By analyzing existing cross correlation between Brompton European Dividend and Themac Resources Group, you can compare the effects of market volatilities on Brompton European and Themac Resources and check how they will diversify away market risk if combined in the same portfolio for a given time horizon. You can also utilize pair trading strategies of matching a long position in Brompton European with a short position of Themac Resources. Check out your portfolio center. Please also check ongoing floating volatility patterns of Brompton European and Themac Resources.

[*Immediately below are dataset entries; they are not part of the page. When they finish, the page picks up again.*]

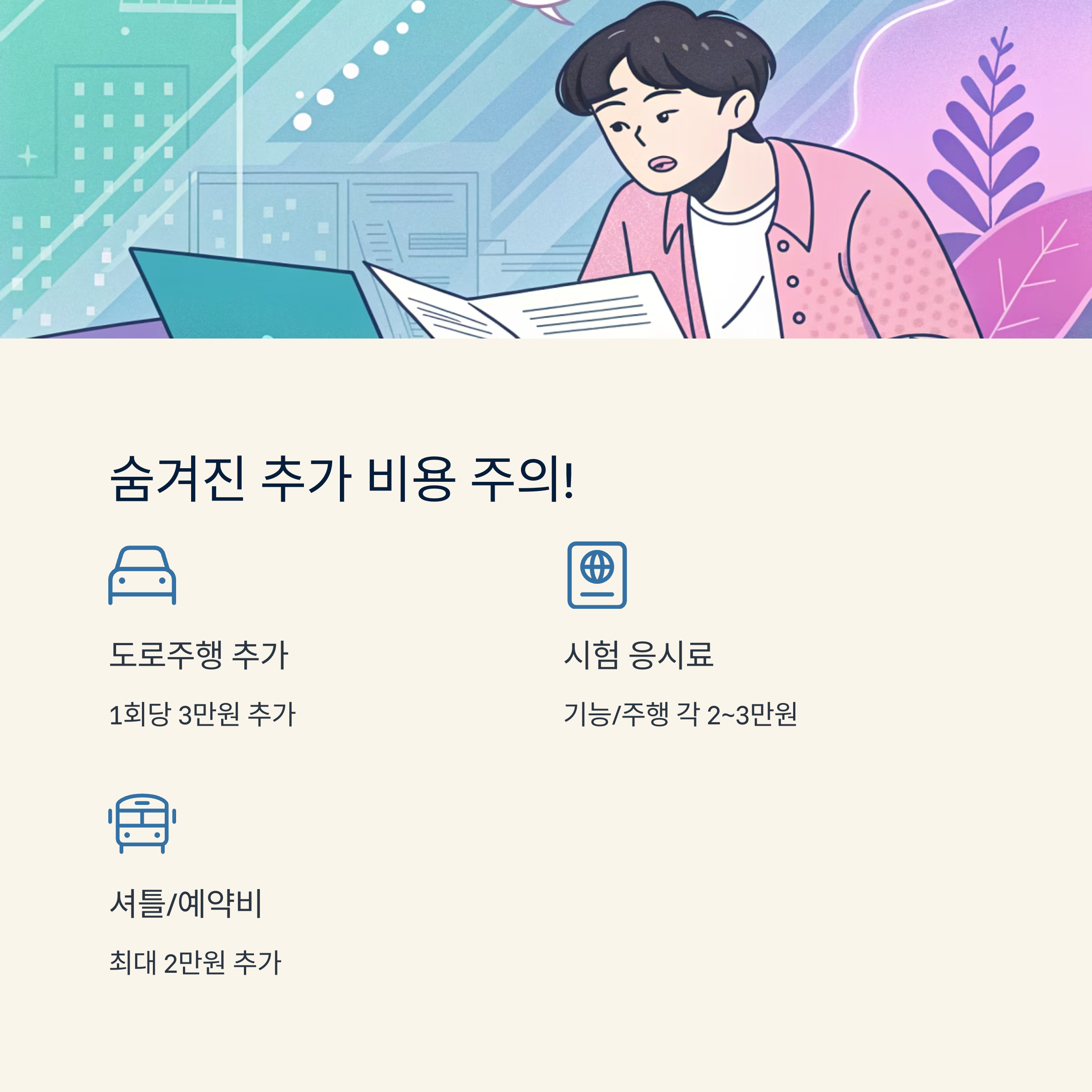 가장 대표적인 건 '도로주행 추가 비용'이에요. 보통 도로주행은 기본 횟수 6~10회가 포함되어 있지만, 추가 연습이 필요할 경우 1회당 3만 원씩 별도 지불해야 하는 구조가 많답니다.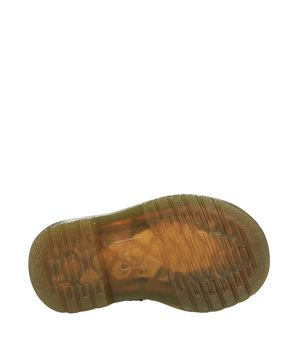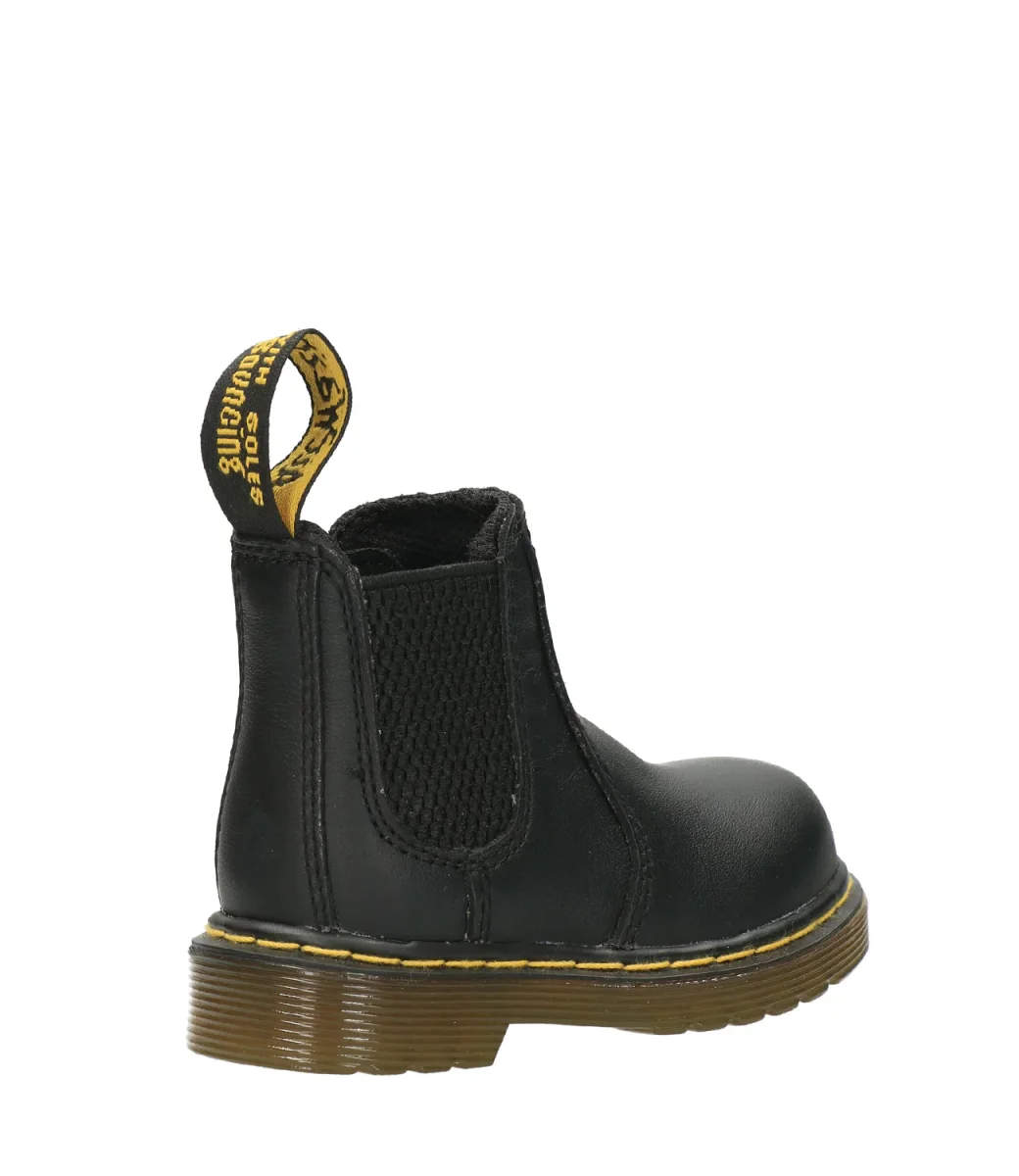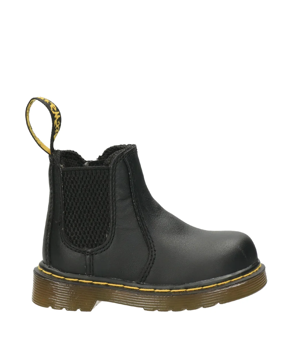 Beatles Dr Martens Kids 2976 Trealizzato in pelle pieno fiore morbido al tatto, inserto elastico laterale, chiusura con zip nel lato interno, suola con cuscinetto d’aria con scanalature laterali. Tirante in tessuto. Iconiche cuciture gialle.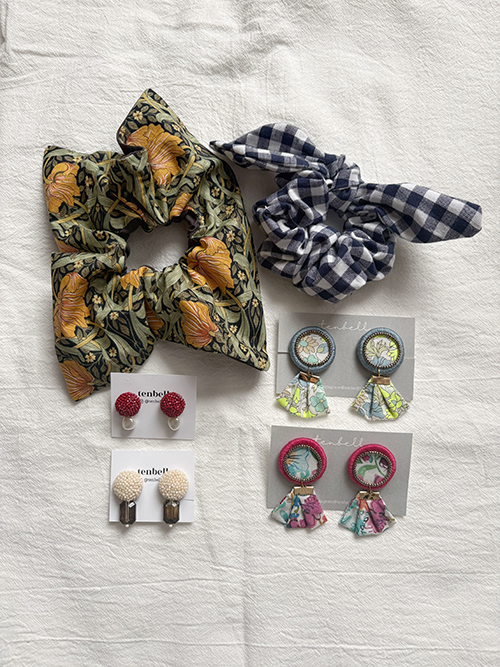 ビーズや布を使ったアクセサリーやシュシュを販売しています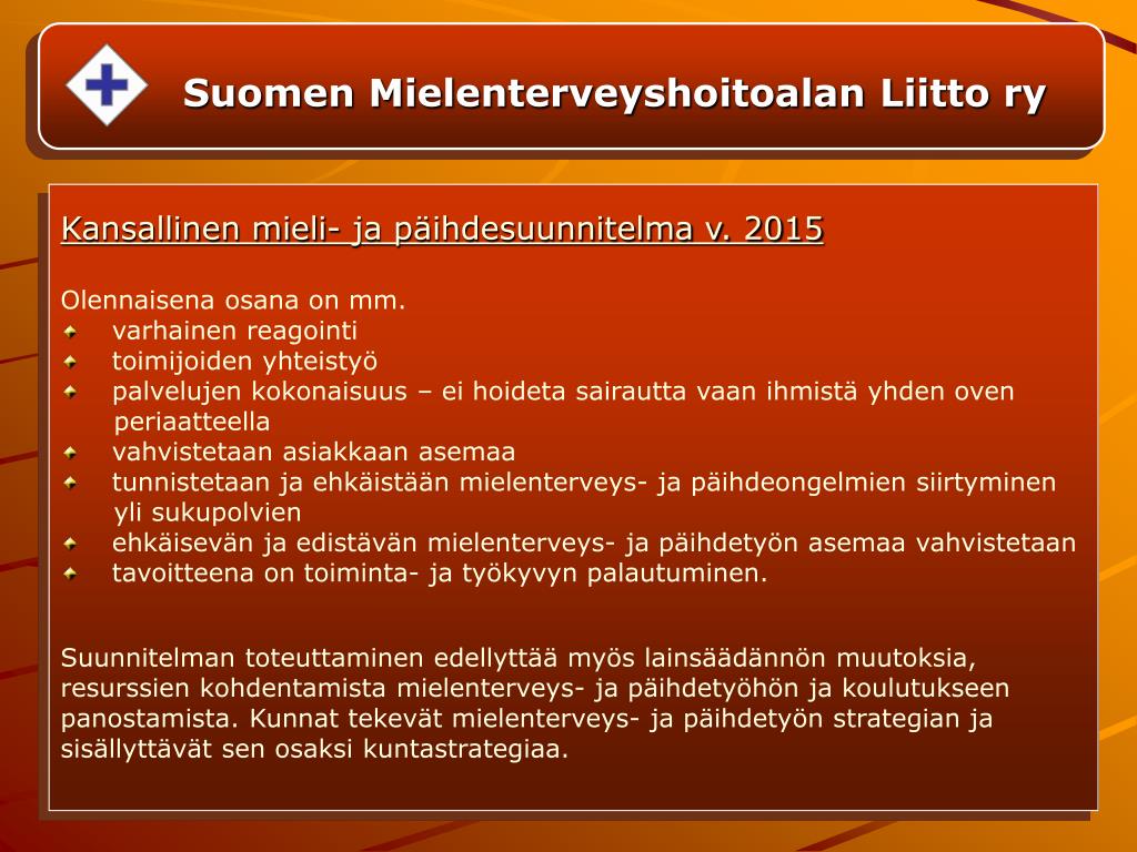 Suomen Mielenterveyshoitoalan Liitto ry Kansallinen mieli- ja päihdesuunnitelma v. 2015 Olennaisena osana on mm. • varhainen reagointi • toimijoiden yhteistyö • palvelujen kokonaisuus – ei hoideta sairautta vaan ihmistä yhden oven periaatteella • vahvistetaan asiakkaan asemaa • tunnistetaan ja ehkäistään mielenterveys- ja päihdeongelmien siirtyminen yli sukupolvien • ehkäisevän ja edistävän mielenterveys- ja päihdetyön asemaa vahvistetaan • tavoitteena on toiminta- ja työkyvyn palautuminen. Suunnitelman toteuttaminen edellyttää myös lainsäädännön muutoksia, resurssien kohdentamista mielenterveys- ja päihdetyöhön ja koulutukseen panostamista. Kunnat tekevät mielenterveys- ja päihdetyön strategian ja sisällyttävät sen osaksi kuntastrategiaa.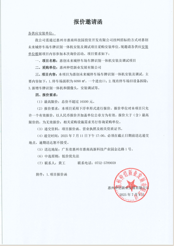 【報(bào)價(jià)邀請函】惠創(chuàng)未來城停車場車牌識別一體機(jī)安裝及調(diào)試項(xiàng)目采購安裝單位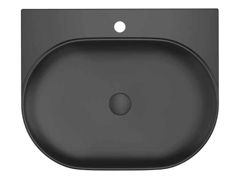 Tenkostěnné keramické umyvadlo Yard k instalaci na konzoli Yard nebo na konstrukci CS Yard, bez přepadu. V černém matném provedení. S otvorem pro stojánkovou baterii.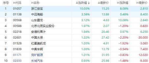 截至A股收盤,AH股漲幅前10如下: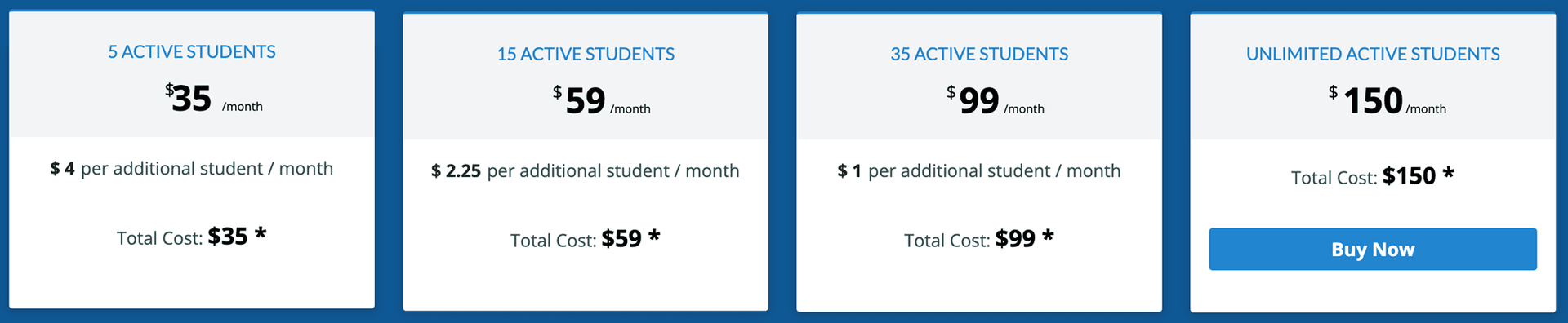 If you intend to maintain less than 10 active students in total, then intro price looks great. You also have the option of toggling your client between "active" and "prospective" to manage your account. This requires turning off an "active" client first and then enabling your "prospect" to allow for editing their account. That sounds cumbersome to me and not the vision I have for my tools. But if you don't mind - then it could work for you!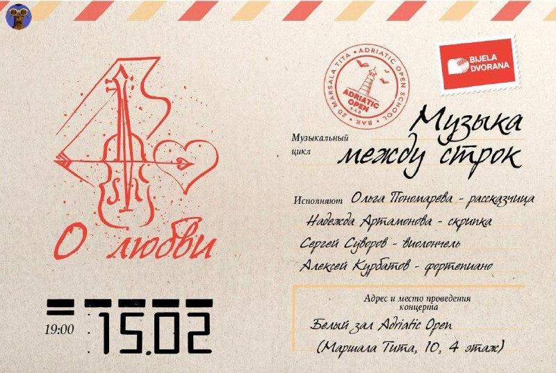 💗 Музыка, вдохновленная любовью, подарит вам чудесное настроение. Музыканты трио Arkus будут играть произведения Крейслера, Вагнера, Изаи, Франка и Курбатова, а рассказчица Ольга Пономарева поделится романтическими историями из жизни композиторов.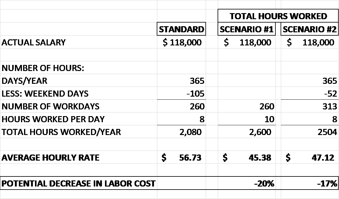 It is important to understand that with total-time accounting, while the amount of salary paid each pay period will remain the same, the effective rate per hour will vary dependent on the number of hours worked during the pay period. This process of calculating an effective hourly rate based on the total hours worked only applies to salary employees since hourly employees are paid for each hour worked at the same rate per hour.
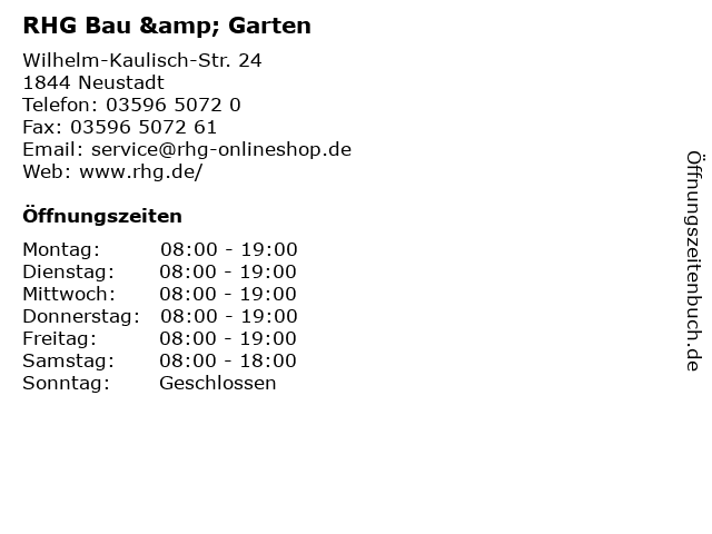 | Öffnungszeiten RHG Bau & Garten in Neustadt anzeigen | |

Diversification Opportunities for Brompton European and Themac Resources

-0.23
  Correlation Coefficient

Very good diversification

The 3 months correlation between Brompton and Themac is -0.23. Overlapping area represents the amount of risk that can be diversified away by holding Brompton European Dividend and Themac Resources Group in the same portfolio, assuming nothing else is changed. The correlation between historical prices or returns on Themac Resources and Brompton European is a relative statistical measure of the degree to which these equity instruments tend to move together. The correlation coefficient measures the extent to which returns on Brompton European Dividend are associated (or correlated) with Themac Resources. Values of the correlation coefficient range from -1 to +1, where. The correlation of zero (0) is possible when the price movement of Themac Resources has no effect on the direction of Brompton European i.e., Brompton European and Themac Resources go up and down completely randomly.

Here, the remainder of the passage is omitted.